Yaşanan çatışmada vurduğu düşman askerini canı pahasına, sırtına alıp düşman siperine kadar götürme yücelik ve cesaretini gösteren Mehmetçik, düşmanın her bir rütbesindeki askerini kendisine hayran bırakacak kadar asil bir davranış sergileyerek, savaşın sadece öldürmekten ibaret olmadığını tüm dünyaya bir defa daha anımsatmıştır.
250.000 şehit verdiğimiz Çanakkale de her yaşta insanımız gönüllü olarak savaşmış, kadınlar çocuklarıyla birlikte cephedekiler için çorap örmüş, kurşun imalatında çalışmış, dağ bayır demeden gece gündüz, cepheye silah ve cephane götürerek ülkemizin bugünlerinde var olma mücadelesinde askerlerimize destek olmuşlardır.

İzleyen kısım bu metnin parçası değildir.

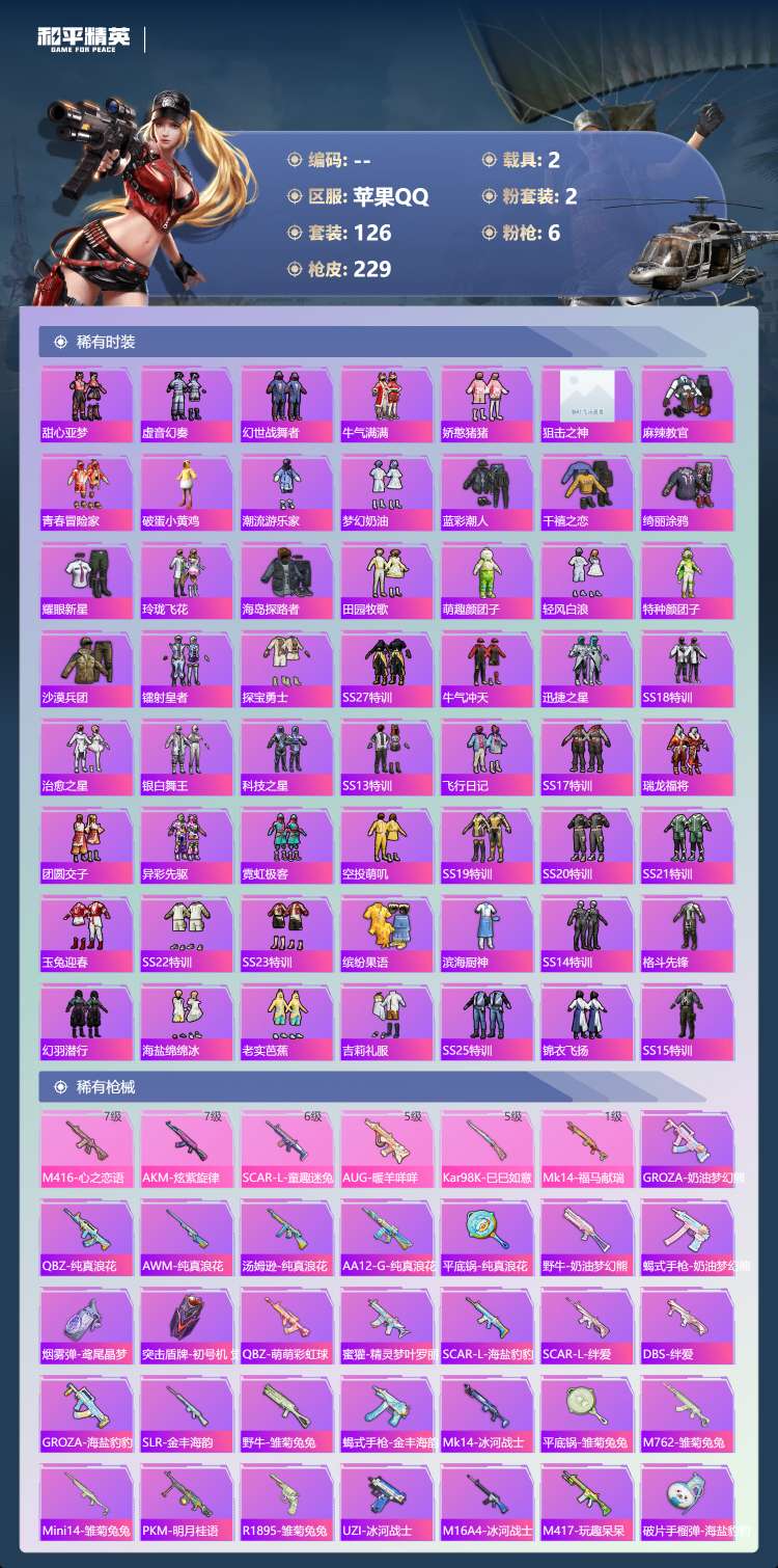 hs66209 苹果手Q-14王牌印记-2粉装-6特效枪-2载具-69619热力值-126套装-22

“ÇANAKKALE ZAFERİ TÜM DÜNYADA ÜLKEMİZİN SAYGINLIĞINI ARTTIRMIŞTIR” Kısaca vatanın her bir ferdi kendisine yönelen bu vahşi akına el birliğiyle, iman gücüyle verdiği destansı mücadeleyle dur demesini bilmiştir. Bu cephenin isimsiz kahramanları, vatanın her bir köşesinden Çanakkale’ye koşarken, hiçbir zaman geri dönmeyi düşünmemişler, Türklük onur ve şerefini en güzel şekilde savunmakla üzerlerine düşen görevi layıkıyla yerine getirmişlerdir.
“Ben ölüyorum senin ölmen gerekmiyor artık” diyen Çanakkale’deki “Kınalı Kuzuların” topraktaki kına kokusu günümüze kadar gelmektedir. Onlar, Çanakkale Zaferini ele geçirmekle, sadece bir zafer değil, Türk milletinin Anadolu’daki varlığının devamını da sağlamış, tüm dünyada Ülkemizin saygınlığını arttırmıştır.
Bu duygu ve düşüncelerle, Destan yazılan tarihi zaferi bizlere kazandıran başta Mustafa Kemal ATATÜRK ve silah arkadaşlarıyla birlikte diğer tüm Komutanlarımızı, Kahraman Mehmetçiklerimizi, şehitlerimizi, gazilerimizi bir kez daha saygı, minnet ve şükranla anıyorum. Ruhları şad, Mekanları cennet olsun.”